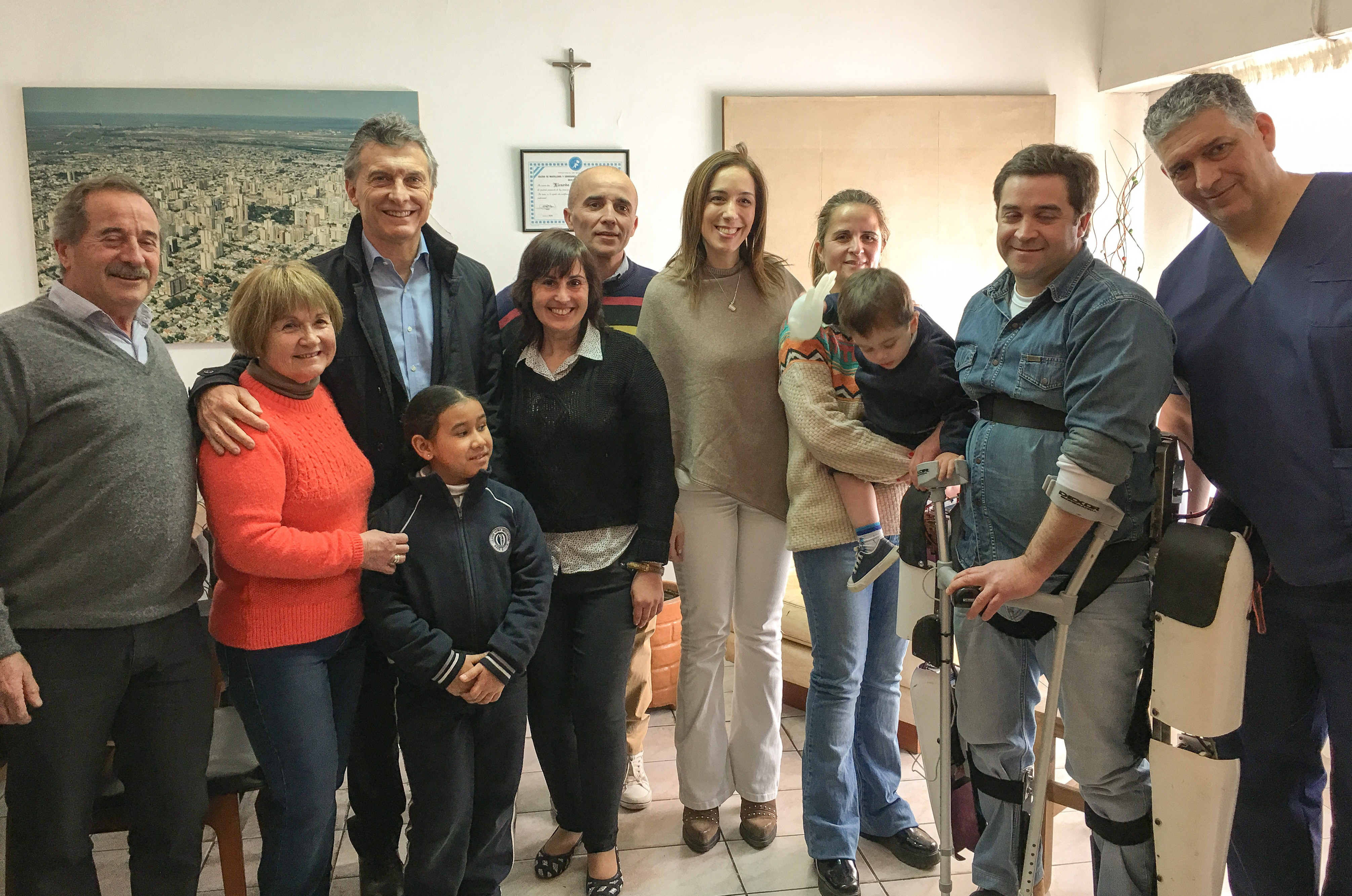 Con ingenieros. Macri visitó en Bahía Blanca a los creadores de Dexor Biomecánica, dos ingenieros que destinaron ahorros al desarrollo de un exoesqueleto que ayuda a personas con discapacidad a lograr una mayor autonomía.
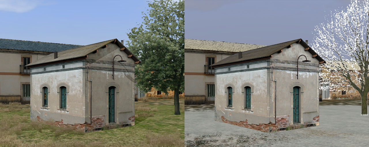 Todo lo comentado para las texturas de nieve es válido para otras texturas estacionales, como primavera u otoño, y tanto es de aplicación a edificios como a cualquier clase de creación en el simulador. Por tanto, nada nos impide realizar un vagón que en invierno se vea ligeramente cubierto de nieve, si es el caso ;)
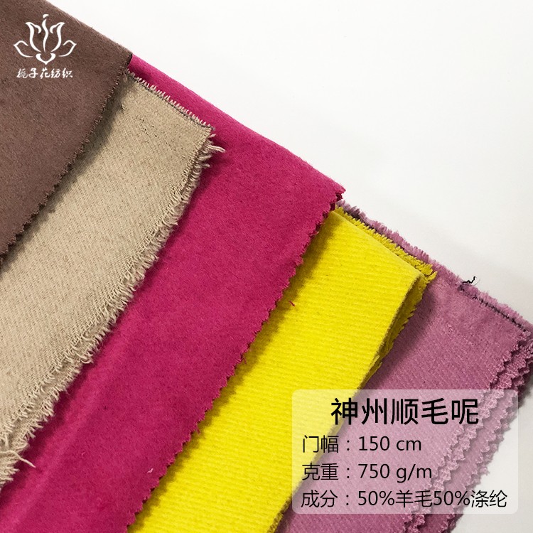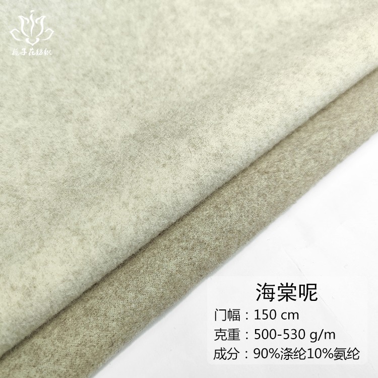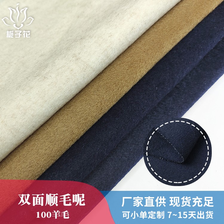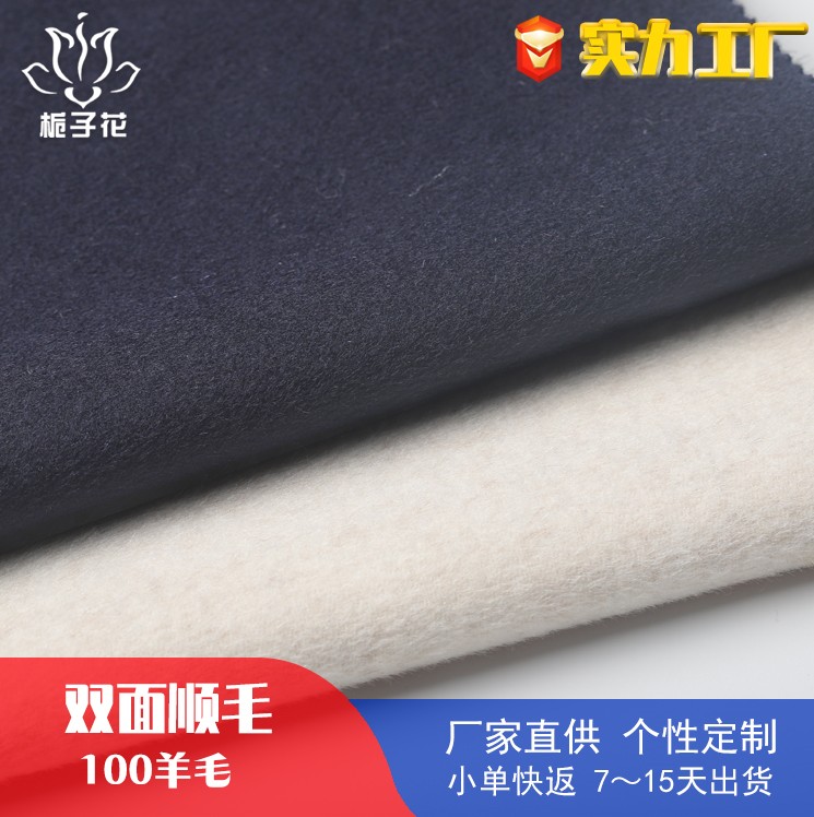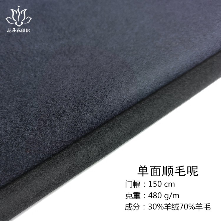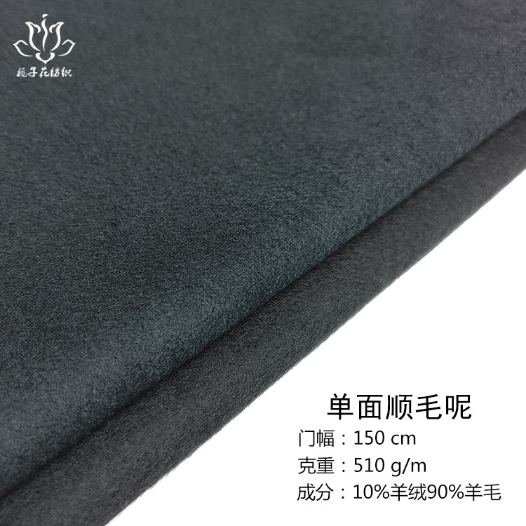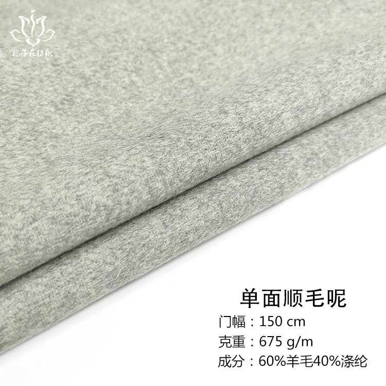 描述: 双面呢是属于双层的面料,正反两面都是呢子的面料,面料可以双面相同,也可以双面双色,比较时尚,具有双面性的特点。由于正反两面都是毛呢缝制,做大衣不需要内衬,会更厚实,更挺括,平整不易起皱。顺毛呢是粗纺面料里的常规品种之一,由于表面的毛顺着一个方向的,有倒顺毛的,所以叫顺毛呢。毛呢面料吸湿性强、穿着舒适,毛呢面料吸湿性很强,它能吸收人体的排出的湿气,故穿着时感到干爽舒适 。羊毛纤维较粗,有挺阔、轻便、保暖的优点,所以更适合做外套。
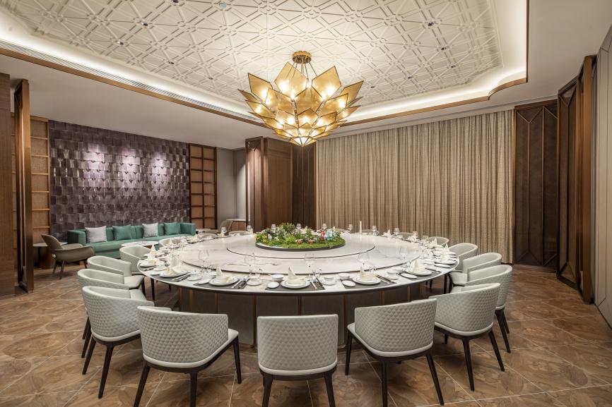 酒店的会议与宴会设施堪称城中标杆,1200平方米无柱式大宴会厅层高达10米,配备120平方米超大LED显示屏,并可灵活分割为三个独立厅室。另有4间不同规模的多功能厅,总面积从60平方米到140平方米不等,可满足10人至1200人的多样化活动需求。无论是大型商务会议、盛大婚宴,还是私人家庭聚会,专业的一站式会议管家团队全程贴心服务,从场地布置到餐饮定制全程跟进,确保每场活动圆满成功。

▸ TASK REQUIREMENTS: Every line of the listing is to be retyped exactly; pictures stay out.

▸ TASK OUTPUT:
 Con ingenieros. Macri visitó en Bahía Blanca a los creadores de Dexor Biomecánica, dos ingenieros que destinaron ahorros al desarrollo de un exoesqueleto que ayuda a personas con discapacidad a lograr una mayor autonomía.
 Todo lo comentado para las texturas de nieve es válido para otras texturas estacionales, como primavera u otoño, y tanto es de aplicación a edificios como a cualquier clase de creación en el simulador. Por tanto, nada nos impide realizar un vagón que en invierno se vea ligeramente cubierto de nieve, si es el caso ;)
 描述: 双面呢是属于双层的面料,正反两面都是呢子的面料,面料可以双面相同,也可以双面双色,比较时尚,具有双面性的特点。由于正反两面都是毛呢缝制,做大衣不需要内衬,会更厚实,更挺括,平整不易起皱。顺毛呢是粗纺面料里的常规品种之一,由于表面的毛顺着一个方向的,有倒顺毛的,所以叫顺毛呢。毛呢面料吸湿性强、穿着舒适,毛呢面料吸湿性很强,它能吸收人体的排出的湿气,故穿着时感到干爽舒适 。羊毛纤维较粗,有挺阔、轻便、保暖的优点,所以更适合做外套。
 酒店的会议与宴会设施堪称城中标杆,1200平方米无柱式大宴会厅层高达10米,配备120平方米超大LED显示屏,并可灵活分割为三个独立厅室。另有4间不同规模的多功能厅,总面积从60平方米到140平方米不等,可满足10人至1200人的多样化活动需求。无论是大型商务会议、盛大婚宴,还是私人家庭聚会,专业的一站式会议管家团队全程贴心服务,从场地布置到餐饮定制全程跟进,确保每场活动圆满成功。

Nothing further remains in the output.